Further, isolating PMBC and sorting CD14+ cells and CD8+ cells from PBMCs comprises: mixing peripheral blood or single blood, centrifuging and collecting lower layer blood cells; diluting blood cells by DPBS, placing the blood cells in Ficoll separating medium for centrifugal separation, and collecting intermediate leucocyte cells to obtain PBMC; incubating and sorting PBMCs by adopting CD14 magnetic beads, and collecting CD14+ cells; adding CD8 magnetic beads into the CD 14-cells for incubation, and sorting out CD8+ cells; more preferably, prior to the incubation sorting of PBMCs with CD14 magnetic beads, the culturing method further comprises the step of subjecting the suspension comprising PBMCs to a screen filtration; further preferably, peripheral blood or single blood is mixed evenly and centrifuged for 3-6 min at the rotating speed of 650-750 g to collect lower layer blood cells; diluting blood cells with DPBS containing 2.5% HSA (V/V), centrifuging in Ficoll separating medium, and collecting middle tunica albuginea cells to obtain PBMC; after filtering PBMC with a screen, the filter volume is increased to 10 ⁹ Adding 5-30 mL of MACS buffer solution into each PBMC for resuspension to obtain PBMC resuspension solution; adding 100-1000 mul of CD14 magnetic beads into the heavy suspension of the PBMC for forward sorting, and respectively collecting CD14+ cells and CD 14-cells; and adding 100-1000 mu L of CD8 magnetic beads into the CD 14-cells for forward sorting, and collecting the CD8+ cells.

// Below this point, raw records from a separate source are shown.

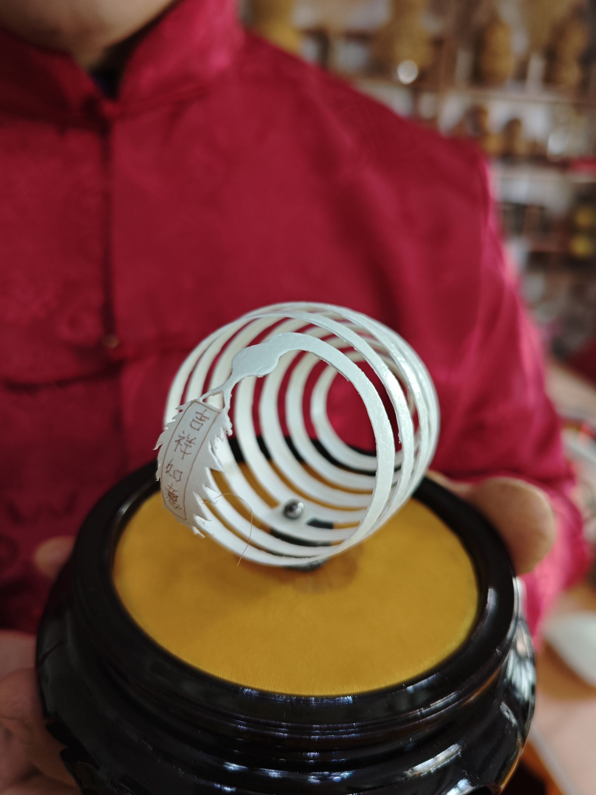 值得一提的是,作品还大胆借鉴“刺绣”技法,在蛇信子前端雕出条幅,再用细铜线“刺绣”出“吉祥如意”四字祝福语,将传统蛋雕与刺绣技艺巧妙融合,别具匠心。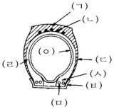 | 단조와 압연으로서 제조되는 철도차량용 차륜의 외주륜(外周輪). |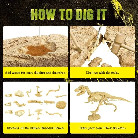 - VERBETER DE HAND-ON ACTIVITEIT: er is niet alleen een kind nodig om te graven als een paleotoloog maar het vereist ook een kind om de dinosuar met de hand in elkaar te zetten. Een geweldige kit voor het verbeteren van de praktische activiteit van kinderen in de moderne samenleving wanneer kinderen worden gedomineerd door mobiele telefoons en andere elektronische producten.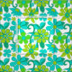 Erleben Sie den Retro-60er und den 70er mit diesem phantastischen Hippie-Muster in leuchtend kalk-grün und aqua-blauen Blumen und Wirbel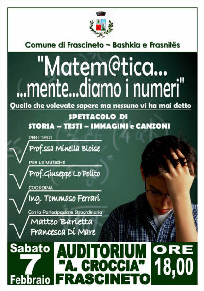 MATEM@TICA...MENTE...DIAMO I NUMERI, SPETTACOLO DI STORIA, TESTI, IMMAGINI E CANZONI, TORNA IN SCENA SABATO 7 FEBBRAIO A PARTIRE DALLE ORE 18,00 A FRASCINETO. L' EVENTO SI TERRA PRESSO L' AUDITORIUM " A. CROCCIA ", INTERVERRANNO: PER I TESTI LA PROF.SSA MINELLA BLOISE E PER LE MUSICHE, IL PROF. GIUSEPPE LO POLITO, COORDINERA', L' ING.TOMMASO FERRARI CON LA PARTECIPAZIONE STRAORDINARIA DI: MATTEO BARLETTA E FRANCESCA DI MARE. |
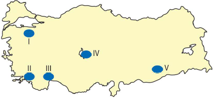 Yukarıdaki haritada işaretli alanların hangisinde ipek böcekçiliği yaygın değildir?

Further, the tumor neoantigen polypeptide is selected from any one or more of the following: KLMGIVYKV, SLDWWAFGV, VTFHIPFEV, AVGSYVYSV, and KLASYDMRL.

Further, in pre-stimulation co-culture, the ratio of cell number of mature DCs to CD8+ cells was 1; preferably, in the process of pre-stimulation co-culture and/or re-stimulation co-culture, a co-stimulation culture system is adopted for culture, wherein the co-stimulation culture system contains autologous plasma, co-stimulation factors and serum-free culture medium; preferably, the volume content of the autologous plasma in the co-stimulation culture system is 0-10%, more preferably 2% -3%; preferably, the co-stimulation factor is rh IL-21, and the concentration of the rh IL-21 in the co-stimulation culture system is 5-30 ng/ml; more preferably 20ng/ml.

Further, in the process of pre-stimulation co-culture and/or re-stimulation co-culture, the method also comprises a step of supplementing cell growth factors or performing hole transfer on the co-cultured cells, preferably, the supplemented cell growth factors are rh IL-7 with the final concentration of 5-120 ng/mL and rh IL-15 with the final concentration of 5-120 ng/mL; more preferably, the final concentration of rh IL-7 supplemented is 20ng/mL and the final concentration of rh IL-15 is 20ng/mL.

According to another aspect of the present invention, there is provided a cell therapy product comprising tumor-specific CTL cells cultured in vitro, wherein the tumor-specific CTL cells in the cell therapy product are cultured by any one of the above-mentioned culturing methods.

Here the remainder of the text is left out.